Take the listing from its first line through the line that contains "Personalised Nutcracker Christmas Stocking Bring" and please retype those lines exactly, leaving out the pictures.

Information provided
+ + + + + + +

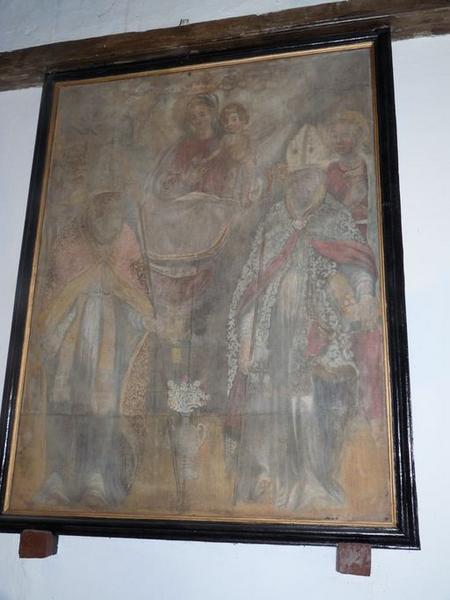 tableau d'autel : Apparition de la Vierge à l'Enfant à saint Blaise, saint Pierre, saint Nicolas et sainte Lucie
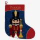 Personalised Nutcracker Christmas Stocking Bring whimsical charm to your holiday decor with this personalised Nutcracker Christmas stocking. Featuring a classic Nutcracker soldier standing tall on a rich, tone-on-tone blue background adorned with holly leaves and berries, this stocking captures the festive spirit of the season. The vibrant red banner at the top adds a perfect spot for personalisation, making it a cherished addition to any fireplace mantel. Ideal for adding a traditional yet playful touch to your Christmas celebrations. Perfect for holiday gifting or creating a personalised holiday experience.
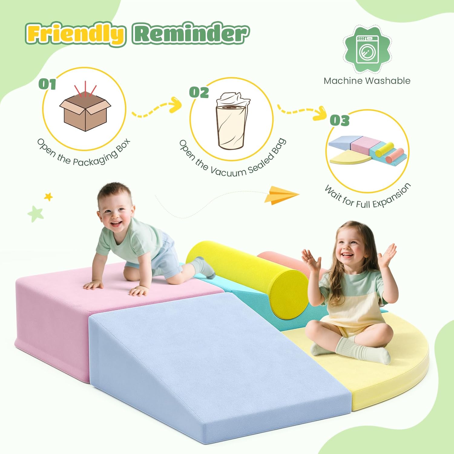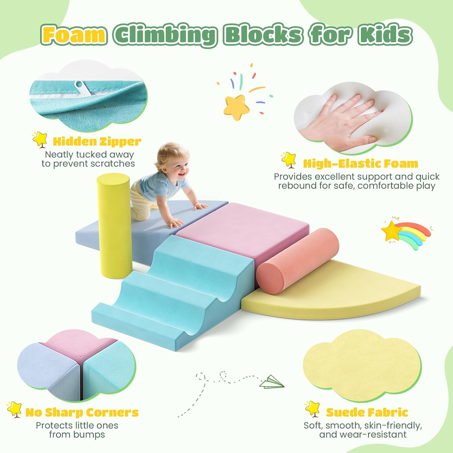 1. Giocattolo da arrampicata sicuro e morbido per bambini piccoli: il nostro giocattolo da arrampicata in schiuma è realizzato in filato perlato, morbido, resistente e non facile da deformare. E il nucleo dei blocchi da arrampicata in schiuma è rivestito in pelle vegana e ha un fondo antiscivolo per mantenere la struttura in posizione durante l'uso per bambini e bambini. Materiali certificati e durevoli: il rivestimento in pelle PU ispessita di questo set da gioco da arrampicata in morbida schiuma è atossico, impermeabile, resistente agli strappi ed è realizzato in materiali a basse emissioni e adatti ai bambini secondo gli standard di sicurezza federali. È possibile montare facilmente il giocattolo da arrampicata con gli elementi di fissaggio in dotazione per godersi l'arrampicata e il gattonamento con i bambini. 3. Ideale per interni ed esterni: questo giocattolo da arrampicata per bambini è un giocattolo da arrampicata versatile di alta qualità. Grazie al suo materiale impermeabile e facile da pulire, può essere utilizzato anche all'aperto ed è perfetto per asili, case e scuole. I nostri dispositivi Softplay sono di medie dimensioni e abbastanza leggeri da consentire ai bambini di indossarli e giocare all'interno e all'esterno. L'aspetto accattivante attira l'attenzione dei bambini e li fa immergersi nel mondo dei mattoncini. 4. 【Combinazione di divertimento e sviluppo di abilità】 Questo giocattolo da arrampicata per bambini è un dispositivo di gioco dal look unico che risveglia l'interesse dei bambini. Sia che tu stia cercando un divertente giocattolo all'aperto per bambini o un modo per mantenere i bambini attivi e sani, questi blocchi di arrampicata in schiuma per bambini sono la scelta ideale! 5. Facile da pulire e mantenere: il rivestimento in PU antimacchia e impermeabile rende la pulizia un gioco da ragazzi. Basta pulire i blocchi con un panno umido. Inoltre è possibile rimuovere facilmente la fodera grazie al design con cerniera. I giocattoli da arrampicata per bambini possono essere fissati in modo sicuro con chiusura in velcro e così facili da smontare e riassemblare e riporre. Incoraggiano i bambini a giocare e giocare in modo creativo. Nota: pulire con acqua e sapone delicato.

+ + + + + + +

Result
 tableau d'autel : Apparition de la Vierge à l'Enfant à saint Blaise, saint Pierre, saint Nicolas et sainte Lucie
 Personalised Nutcracker Christmas Stocking Bring whimsical charm to your holiday decor with this personalised Nutcracker Christmas stocking. Featuring a classic Nutcracker soldier standing tall on a rich, tone-on-tone blue background adorned with holly leaves and berries, this stocking captures the festive spirit of the season. The vibrant red banner at the top adds a perfect spot for personalisation, making it a cherished addition to any fireplace mantel. Ideal for adding a traditional yet playful touch to your Christmas celebrations. Perfect for holiday gifting or creating a personalised holiday experience.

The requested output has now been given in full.